Born in 2001, Vicki didn't get her first mobile until she was nearly 12 – unusual among most kids who had them by eight or nine. Back then mobile phones were pretty rudimentary compared to even a basic model CMD.

Now they'd taken the place of the bulky desk-bound computer tower and laptop, the mobile smartphone, the midsize tablet and everything in between. You could perform all general computing, media consumption and mobile connectivity tasks on it, but that was just the beginning.

Text to speech algorithms could make your whole workflow voice or text based, converting between the two whenever you liked. Search services and heuristics had combined to come as close to human intuition as computer science had ever come, and speaking a query could spark off fact-finding missions by software agents that returned and filtered results from finding a plumber to writing a thesis.

Solar panels powered devices for long enough so you need never connect them to mains. Projector and hologram technology could replicate 3D renderings of scenes or still images captured by more powerful and sensitive cameras than had ever existed in standalone photographic equipment.

Hardware like fingerprint unlock scanners and hyperspectral cameras had morphed into bio-sensitive panels and optic sensors that sampled any number of biological markers, telling you anything from whether your salad was fresh to sequencing a gene to test how you'd likely respond to a drug compound. The same tools had long been applied to digital identity verification, which gave even basic models expansive monetary transaction abilities.

They'd also long since overtaken the capacity of the bulky disk platters of the PC era. Most data was stored in far-flung servers and the very airwaves overhead as magnetic or phonic waves, onboard disk storage virtually phased out.

Processing power inside CMDs was rudimentary, only enough to manage the data of input and display, giving them a far longer charge cycle and overall life than old smartphones had ever boasted, with the actual computation of functions distributed among far flung networks at lightning speed.

But to many people, the most important feature was that the concept of having so many different methods to contact someone like written SMS, old–style email and embedded chat clients had more or less disappeared. You simply 'messaged' someone through a generic gateway and software agents between you and them decided the best way to transmit it depending on what services or applications the recipient was using at that moment.

The same intelligent software agents that conducted searches also screened incoming communications and the unsolicited or unwanted messages that had plagued the online world's early days had become a thing of the past.

As the CMD replaced everything from the computer to the movie player and game console, the combined array rose in prominence – generic, inexpensive combinations of screen and keyboard that became your input and display for work that wasn't feasible on the small screen of a CMD.

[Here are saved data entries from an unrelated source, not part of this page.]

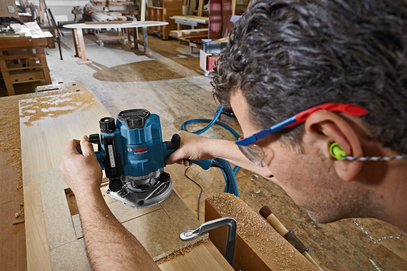Overfreseren er beregnet for fresing i tre og plast, og passer forskjellige styreskinner fra Bosch og til Bosch Click & Clean støvavsugssystem.
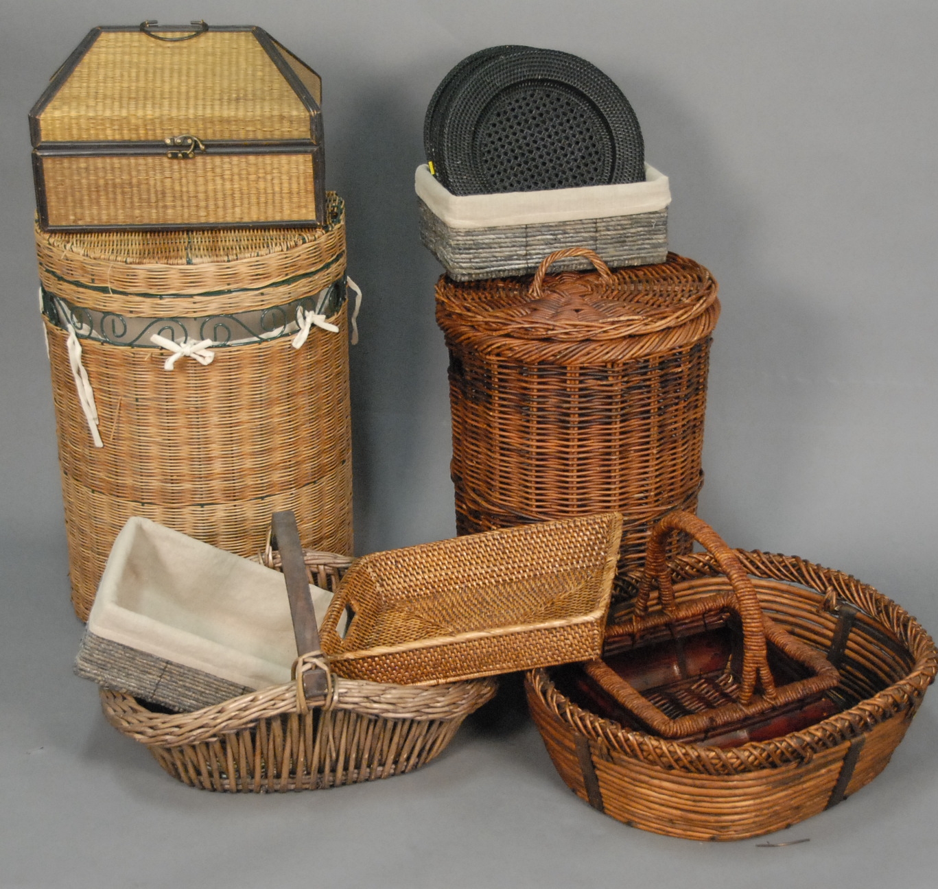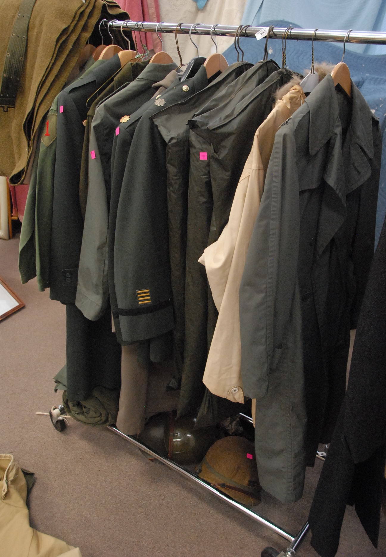 Group of military items to include suits, coats, blankets, helmets, and bags.
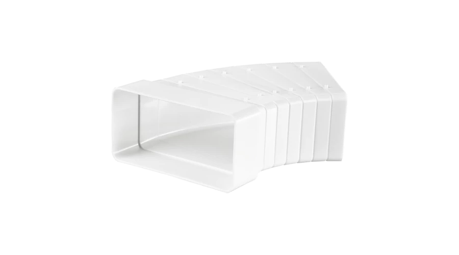 Fehér PVC-ből készült, befúváshoz és elszíváshoz használt légtechnikai elem. Műanyag négyszög könyökidom, horizontális, 60*204 mm keresztmetszethez, 45 fok.
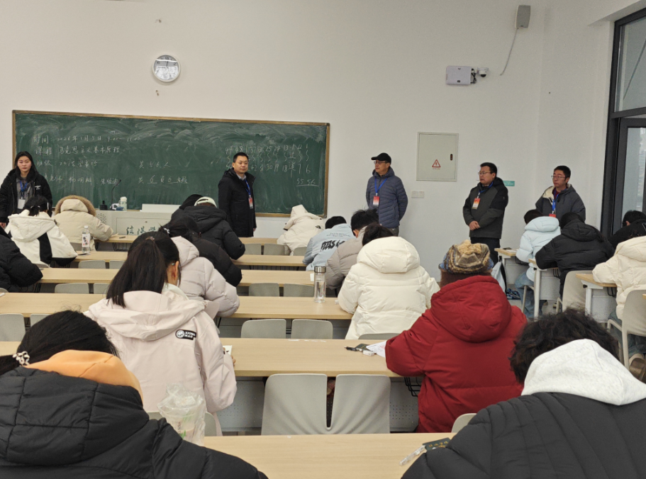 为确保期末考试工作平稳有序开展,严肃考风考纪,营造公平公正的考试环境,1月5日上午,校长助理张永志深入社会科学学院开展2025年秋季学期期末考试巡考工作。社会科学学院院长郭志祥、党总支书记胡志国、教学副院长寇博文及班子成员陪同巡考。

Arrays replaced the PC on the desks and living room tables of workplaces and households the world over, cheap accessibility driving them farther than the PC ever reached. In this day and age, there were few places in society you couldn't sit down and plug your CMD into the nearest array to work if you preferred – they were as common as power outlets.

Nobody had been quite sure what to call the early everything-in-your-pocket devices, but an early product name – CMD – had stuck, like people still used the brand name 'Hoover' for any domestic vacuum cleaner.